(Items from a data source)

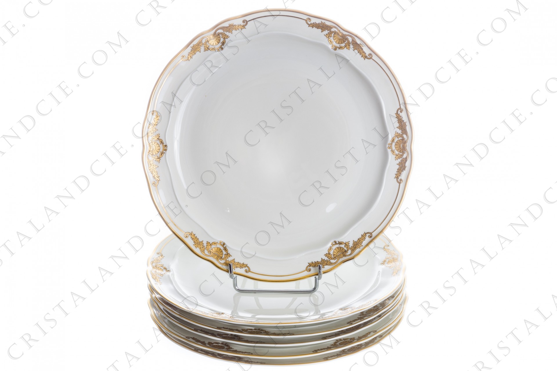 Série de six assiettes plates en porcelaine de Limoges de la maison Bernardaud modèle Coquille à décor de coquilles et arabesques végétales or.
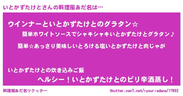 | 意味不明あだ名 | 『永久保存いとかずたけと』 |
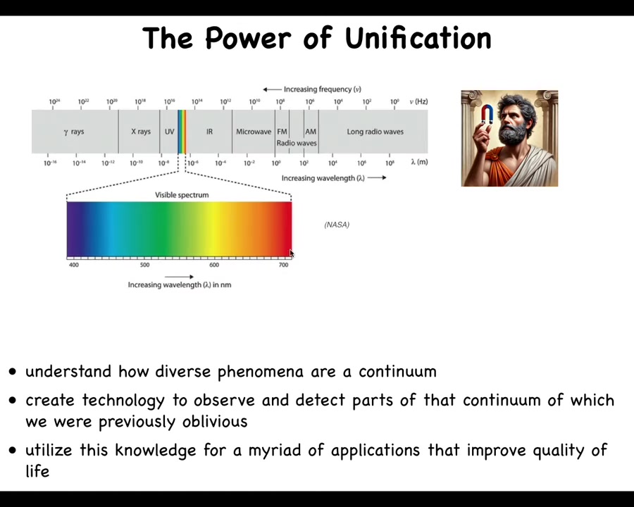 What I think is really interesting is an analogy to the electromagnetic spectrum. Back in the day, before we had a mature theory of electromagnetism, we had lightning, and we had static electricity, and we had light, and we had magnets and various other phenomena. We thought those were all different things. Not only did we think those were all different things, but we were only directly sensitive to an extremely narrow part of this whole spectrum. What happened? We acquired a good theory of electromagnetism, and that allowed us to do several things. It allowed us to understand that things that we think of as quite different are actually the same thing. They are different expressions of the same underlying dynamics. An incredibly powerful unification. Then it allowed us to build technologies and to realize that while we are directly only sensitive here, that's just a contingent fact of our evolutionary history. With tools, with the right equipment, we can become sensitive to all of this stuff. There are many applications. This is what I'm really interested in.
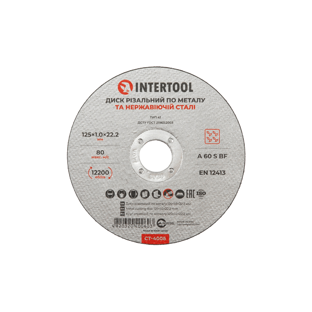 Характеристики Диск отрезной по металлу 125x1,0x22,2 мм INTERTOOL CT-4006 код товару CT-4006
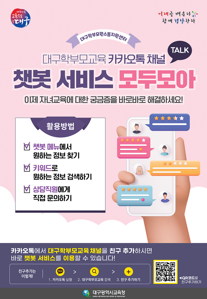이번 대구학부모교육 챗봇 ‘모두모아’가 운영되면 학부모들의 자녀교육 정보 접근성과 편의성이 증대되고, 공교육에 대한 신뢰성과 만족도를 높일 것으로 예상된다.
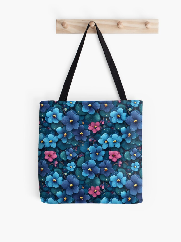 Sustituye el plástico con elegancia. Bolsa de tela con patrón de Violetas Africanas, diseñada para un estilo de vida sostenible y libre de residuos.
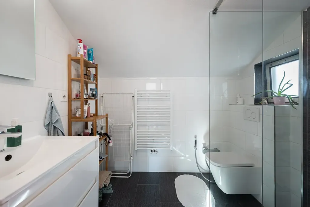 V horním patře se nachází obývací pokoj (22 m²), který díky svému členění může mj. částečně fungovat i jako domácí kancelář. Dále se v patře nachází moderní kuchyň s jídelním prostorem a přímým vstupem na terasu. Ta má příjemnou velikost, dostatek soukromí a krásný výhled. K dispozici je také zajímavě řešená menší ložnice/dětský pokoj (14m²). I zde v patře najdete plnohodnotnou koupelnu se sprchovým koutem a toaletou. K bytu náleží také sklep o velikosti 5 m².

*Task to complete:* Leaving out the pictures, return exactly the lines from the one that contains "이번 대구학부모교육 챗봇" through the last line of the records above, inclusive.

*Finished exercise:*
이번 대구학부모교육 챗봇 ‘모두모아’가 운영되면 학부모들의 자녀교육 정보 접근성과 편의성이 증대되고, 공교육에 대한 신뢰성과 만족도를 높일 것으로 예상된다.
 Sustituye el plástico con elegancia. Bolsa de tela con patrón de Violetas Africanas, diseñada para un estilo de vida sostenible y libre de residuos.
 V horním patře se nachází obývací pokoj (22 m²), který díky svému členění může mj. částečně fungovat i jako domácí kancelář. Dále se v patře nachází moderní kuchyň s jídelním prostorem a přímým vstupem na terasu. Ta má příjemnou velikost, dostatek soukromí a krásný výhled. K dispozici je také zajímavě řešená menší ložnice/dětský pokoj (14m²). I zde v patře najdete plnohodnotnou koupelnu se sprchovým koutem a toaletou. K bytu náleží také sklep o velikosti 5 m².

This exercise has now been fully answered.